Published December 6, 2016
CANNON BALL, NORTH DAKOTA – Standing Rock Sioux Tribe Chairman Dave Archambault II today is asking for the water protectors to leave the encampments at Standing Rock. The Tribe released the following letter minutes ago:
Energy Transfer Partners cannot cross the easement, even if they drill. Not only will they will jeopardize the entire pipeline project, but they will also jeopardize their investors’ money and their bank loans. They may drill up to the federal lands to try to provoke the campers. They will do this to create the illusion that the Army Corps of Engineers made the wrong decision. We do not need to engage them in this; we need to go home. While this phase of the struggle relied largely on the protectors at camp, this next stage will be focused on the legal battles, and keeping the current decision in place.

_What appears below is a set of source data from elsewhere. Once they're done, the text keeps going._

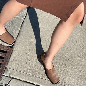 The Bare Loafer is a low heeled loafer-pump hybrid. It has a distinct yet classic square toe with an overextended outsole lip -- our favorite detail. The upper is made with a calf hair leather.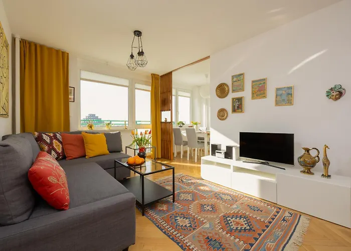 Autumn Apartment With Balcony And Two Bedrooms By Renters Warszawa o powierzchni 48 m^2 jest usytuowany w dzielnicy Mokotów, w odległości 15 min spacerem od stacji metra Politechnika. Apartament dysponuje tarasem z widokiem na miasto.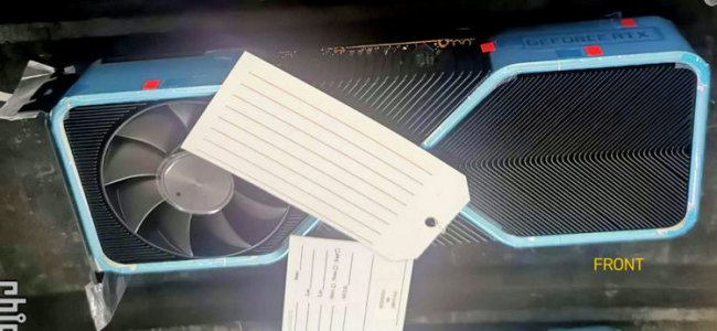 Разъёмов питания на привычных местах не видно, что может означать, что они перенесены в торец, как на видеокартах серии Quadro. Также рядом с монтажной планкой можно заметить нечто похожее на новую версию разъёма NVLink.

Standing Rock Sioux Tribal Chairman Dave Archambault II outside the court last month in Washington, D.C. Native News Online photo by Randall Slikkers
We deeply appreciate all the people who supported us with their presence, but when this storm passes, it is time to dismantle the camp and return to our homes. If the camp stays where it is currently located, people are risking their lives. The current weather is severe, making travel impossible. If the camp stays, we run a risk of further provocation from local law enforcement. Once one person is hurt or property is destroyed, that will lead to more outsized actions by law enforcement. The longer the camp stays, the greater risk we run of seeing further violence at the hands of law enforcement and potential injury to our supporters.
Our great leaders of the past would never put the people at risk of harm, especially women and children. I don’t want anyone to be living in an unsafe environment. We need to stay in prayer, believe in our prayer, and begin our journey home in prayer. I believe in my prayers and in the Creator. Take the lessons we learned here and apply them at home—unity, peace, prayer.
A new administration will not easily be able to reverse Sunday’s historic decision. This decision is everything we had asked for: a non-granting of the easement, initiating an Environmental Impact Study, and suggestive of a reroute. We got it! Energy Transfer Partners will face an uphill battle in trying to dismantle the process initiated by this decision.
I know this is a victory for this one DAPL battle, but we have not yet won the DAPL war. There will be more battles ahead and we will continue to strategize and win. The camp has brought us this far—now it is time we pivot to the next phase of this struggle. That will be lead on different fronts like in court, with the new Administration, with Congress, and with the investors.
We are establishing a path now to help the world understand that what we asked for and what we got is the right decision. The world is watching us and our behavior will determine the final outcome.
I am asking each and every one of you to come up with a strategy to close and exit the camp. I respectfully ask that you leave the land as it was when you arrived, and return home before the winter grows more severe. Pass this on—let everyone know that we are thankful for their passion and commitment and we are thankful for them all standing with us. It’s time now to enjoy this winter with your families. We need all to respect the host tribe’s wishes. We are asking all tribes to pass this on to their members.
This storm is a glimpse of what is to come as temperatures are still not reaching the winter lows of this region. I understand that folks cannot go at this moment, but as soon as this current storm has passed, we must execute an exit strategy and continue our battles to protect water. These efforts are not only needed in Standing Rock, but they are needed throughout Indian Country, across America and internationally. I want you to know that Standing Rock stands with you as you return home to carry this energy and movement into the future.